──────── Extracted material ────────

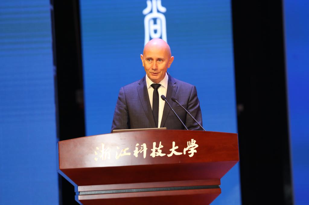 托马斯・施耐德霍弗在视频致辞中强调科技与文化的相互依存性,以及工业发展、科技创新与高等教育紧密联系的重要性。他介绍了该校培养负责任领导力与可持续发展领域人才的实践,并肯定本次论坛对促进关键问题探讨的积极价值。
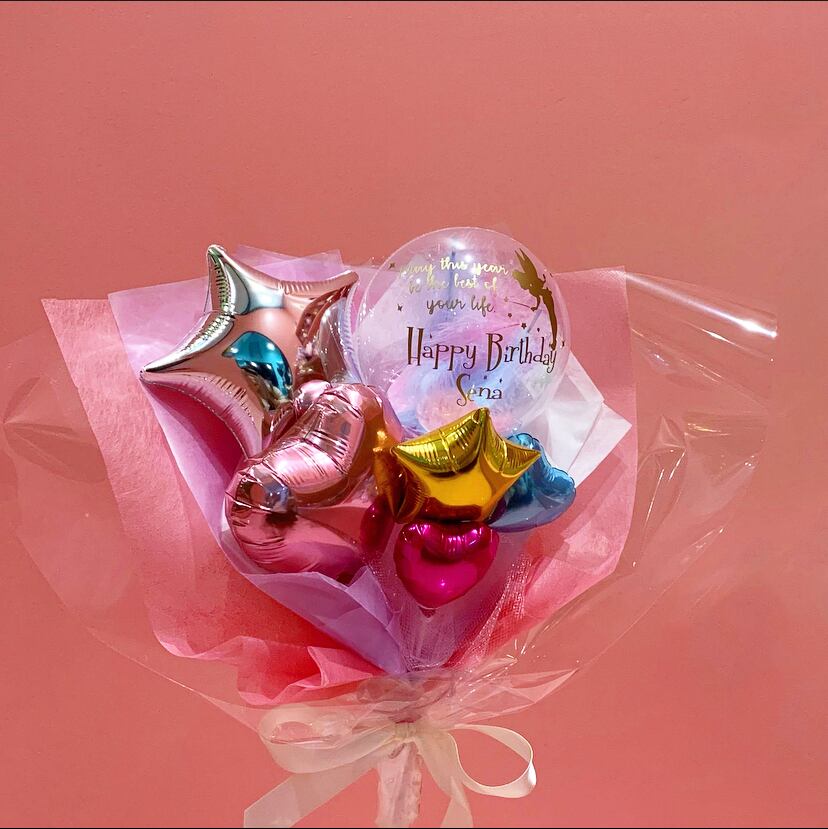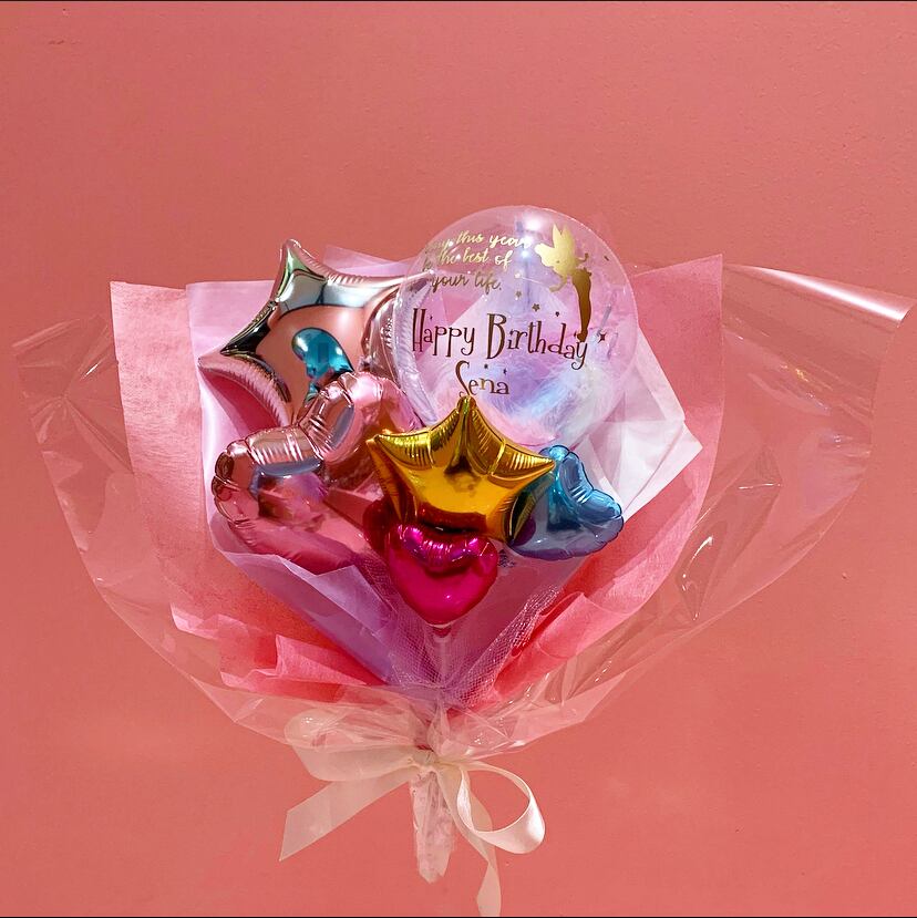 ピンクを基調に、カラフルな星やハートのバルーンでお作りした女の子におすすめのバースデーブーケです!
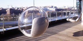 最上階の屋上にはスパ(サウナと温水プール)があり、ホテルのとんがったヘッド部分のルーフテラスへ出ることができます。(※残念ながらスパは利用しませんでした)展望テラスにはなんと、フィンランドのバブルチェア(Bubble Chair)が! エーロ・アールニオ(Eero Aarnio)がデザインしたシャボン玉のような椅子に揺られながら、クングスホルメン島やストックホルムの絶景を堪能できます。
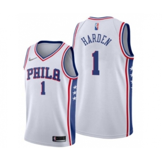 >Men's James Harden #1 Philadelphia 76ers Association Edition White Jersey
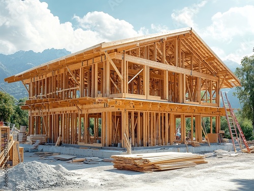Fototapeta premium Wooden house under construction, clear sunny sky, mountainous background, beams exposed, natural building materials, active outdoor site
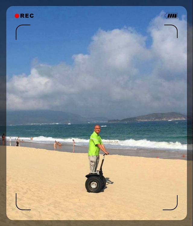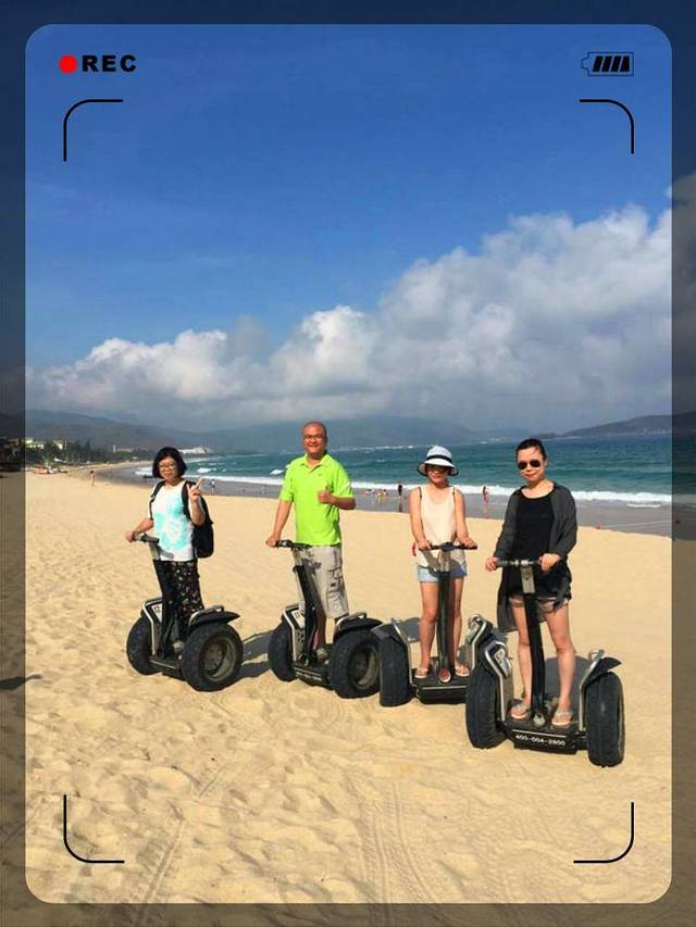 之前在平地上体验过灵动车的快感,这次在海滩边,我们也快乐的玩了几圈。
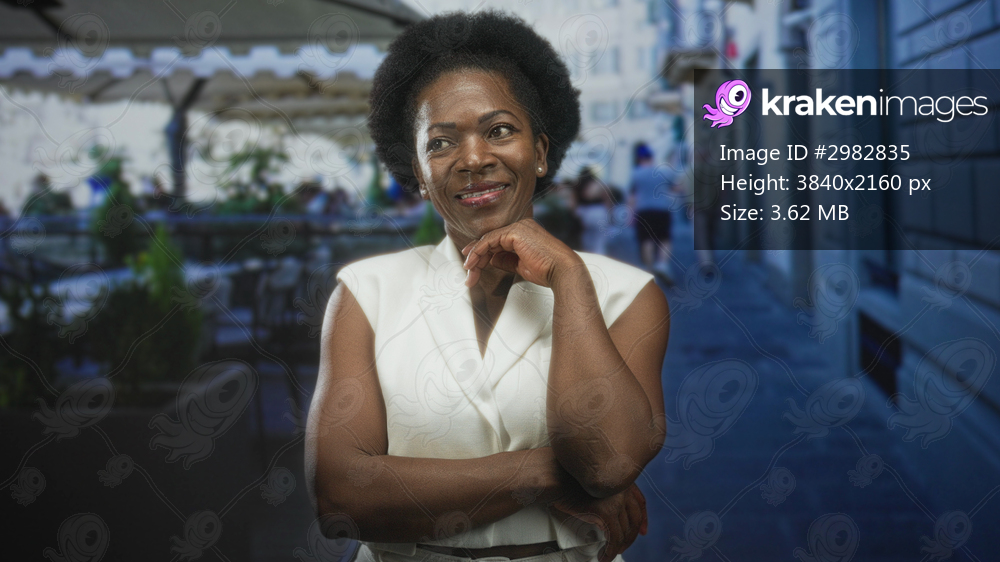 Woman with hand on chin and folded arm, smiling at camera on a street cafe terrace; confidence reflection.
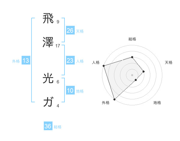 飛澤 光ガさんの外格は13画の5点!
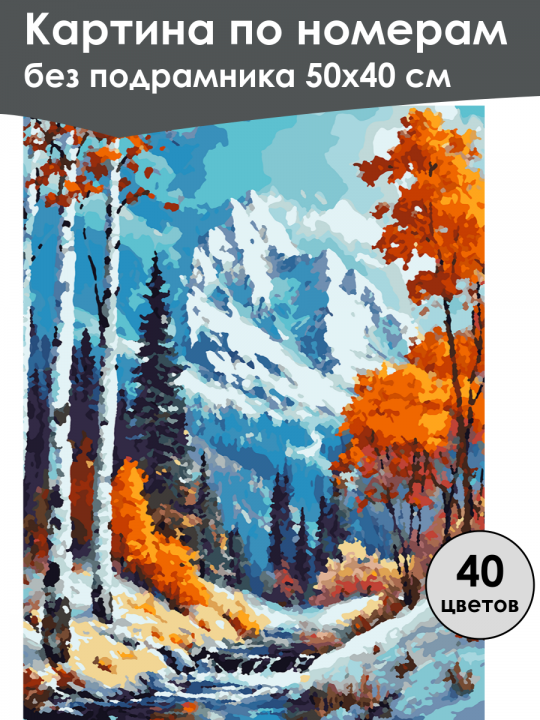 Картина по номерам без подрамника, размер 50х40 см, произведена нами. Она включает 40 оттенков и 3377 контуров, что придаёт ей глубину цвета и плавные переходы. Картина выглядит более ярко и живо. В комплект входит глянцевый лак, которым можно покрыть работу по желанию. Краски имеют хорошую укрывистость, хватает двух проходов что бы закрасить символы на схеме. Так же они сохраняют текстуру мазков, не растекаясь и не разглаживаясь полностью на холсте. При покрытии глянцевым лаком создаётся эффект приближенный к масляной живописи. Краски упакованы герметично, что сохраняет их жидкими. Все необходимые инструменты для начала работы также входят в комплект. Мы не используем экосольвентные чернила, которые содержат свинец и могут быть вредны для здоровья. Наши картины напечатаны безопасными водными пигментными чернилами, обеспечивающими чёткое изображение и легко читаемые обозначения. Холст плотный, имеет мелкую зернистость, легко разглаживается и устойчив к сминанию. Картина поставляется в бурой коробке. Следует отметить, что картина без подрамника её нельзя натянуть на подрамник из-за узких краёв, она предназначена для оформления в рамочку. Осенне-зимний пейзаж с заснеженными горами на заднем плане, рядом с которых вьётся река, окружённая деревьями с яркими оранжевыми листьями и белыми стволами, создающими яркий контраст с голубым небом.
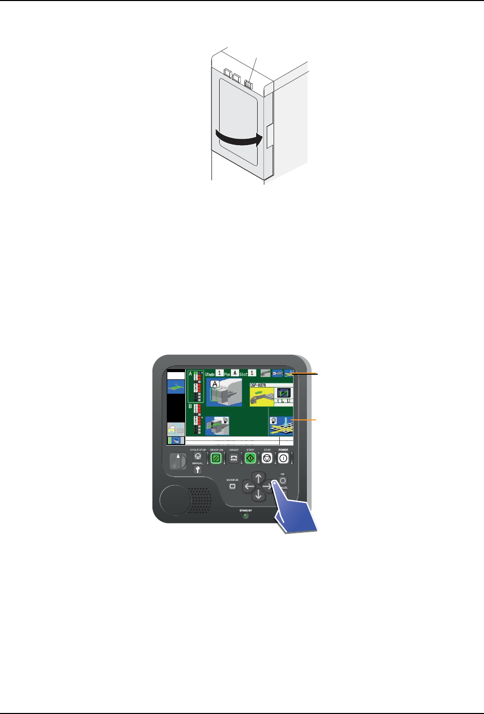 1. 请在显示料盘更换向导画面的状态下,按下箭头键 (向右)。
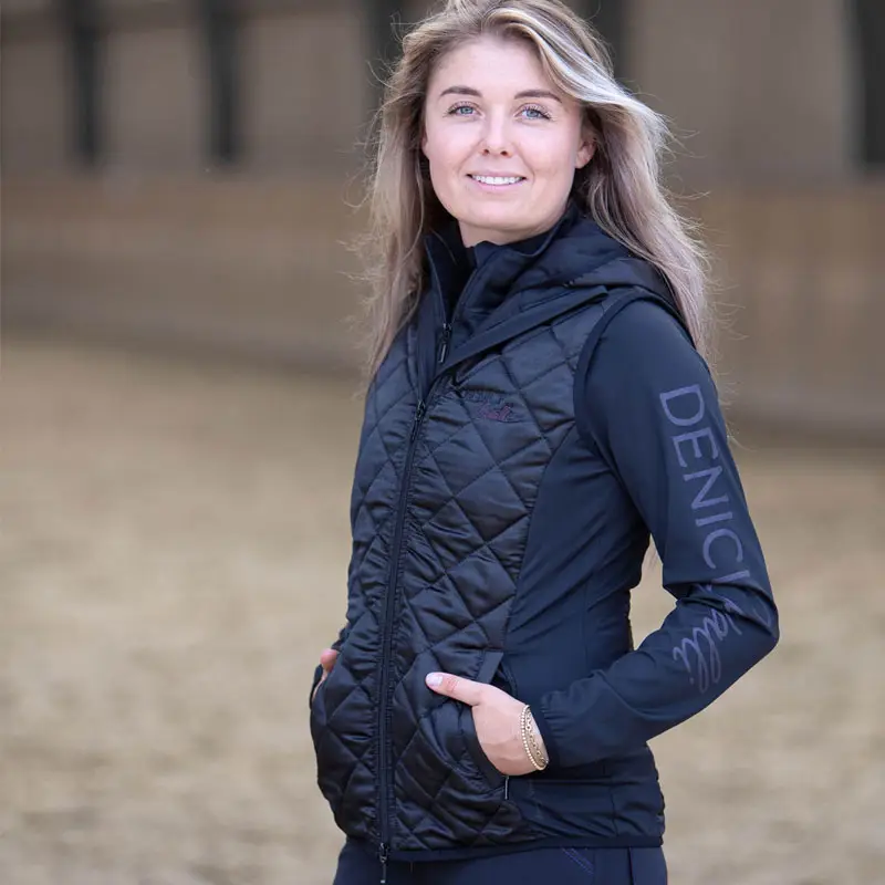 De Harry’s Horse Bodywarmer DC Amethyst is een doorgestikte dames bodywarmer, licht gewatteerd, waardoor deze uiterst geschikt is voor de zomer periode. De bodywarmer is vervaardigd uit een glanzend materiaal en is voorzien van een tweeweg ritssluiting, zakken met ritssluitingen en paars gekleurd Denici Cavalli logo op de borst.
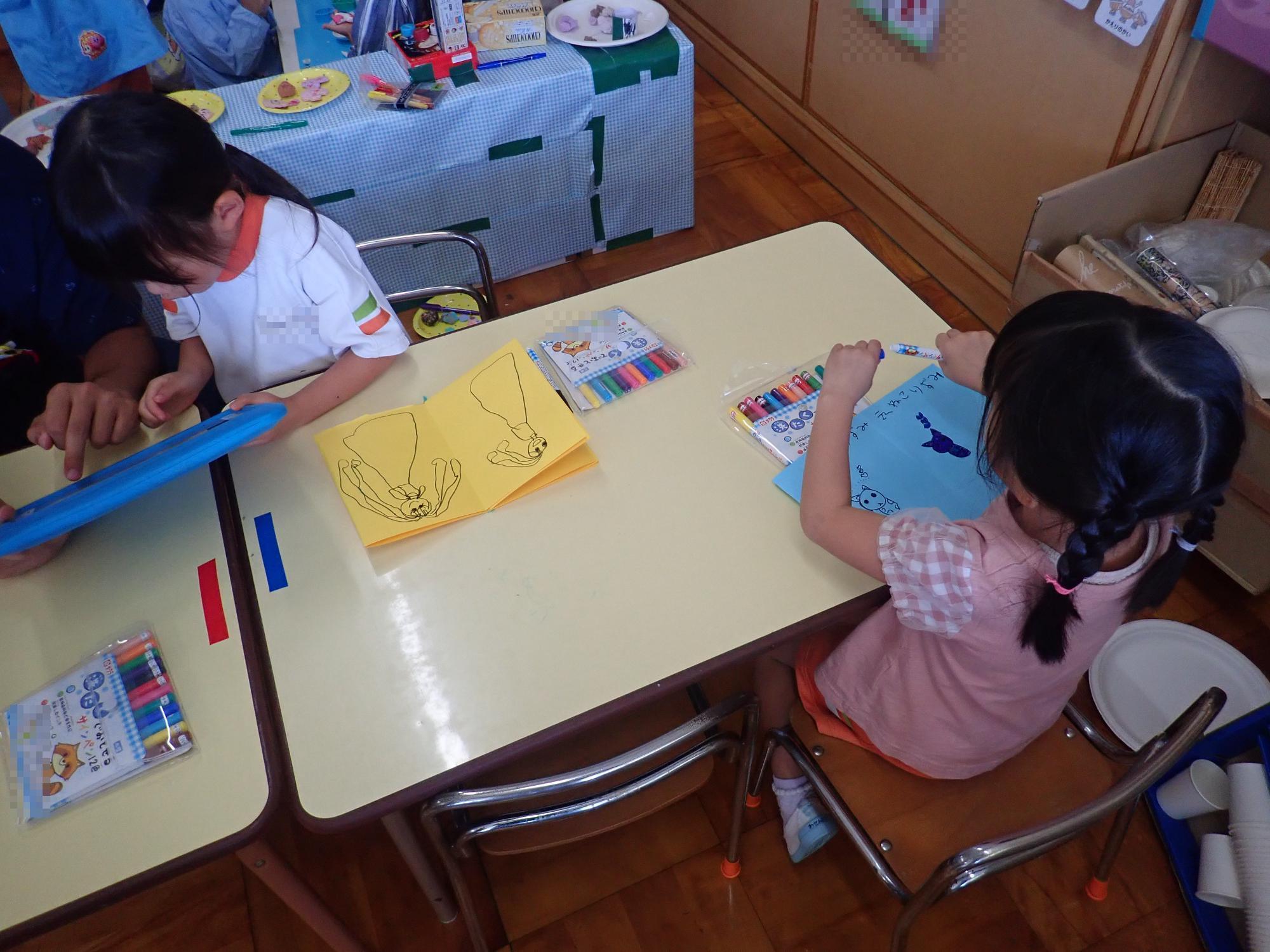 また、粘土遊びが好きな子ども達によるクッキー屋さん、絵を描くのが好きな子ども達による絵本屋さんなど、思い思いに遊びを進め、友達と協力して遊ぶ姿も見られるようになってきました。
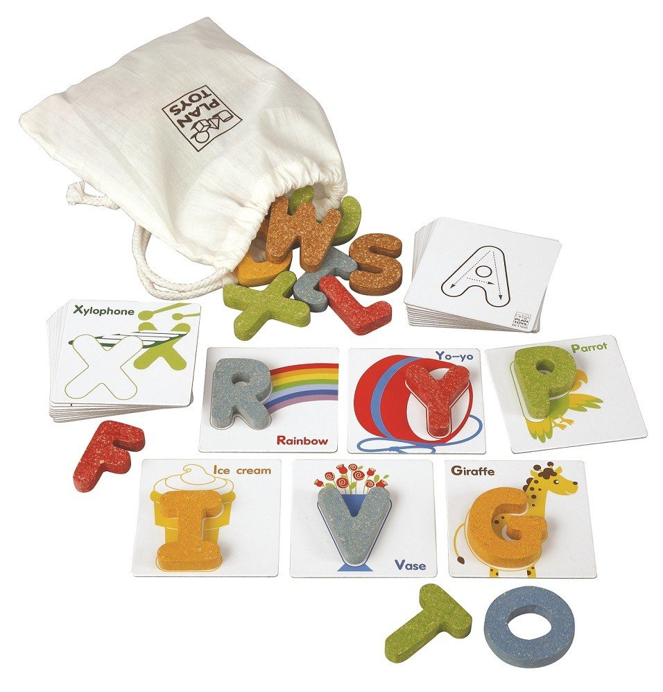 Sada pocházející z dílny společnosti Plan Toys obsahuje 26 základních písmen abecedy na oboustranných kartách.

────────

Please return the data above exactly as it stands from the line with "之前在平地上体验过灵动车的快感,这次在海滩边,我们也快乐的玩了几圈。" to the line with "飛澤 光ガさんの外格は13画の5点!", keeping both of those lines but none of the pictures.

[Response below]
 之前在平地上体验过灵动车的快感,这次在海滩边,我们也快乐的玩了几圈。
 Woman with hand on chin and folded arm, smiling at camera on a street cafe terrace; confidence reflection.
 飛澤 光ガさんの外格は13画の5点!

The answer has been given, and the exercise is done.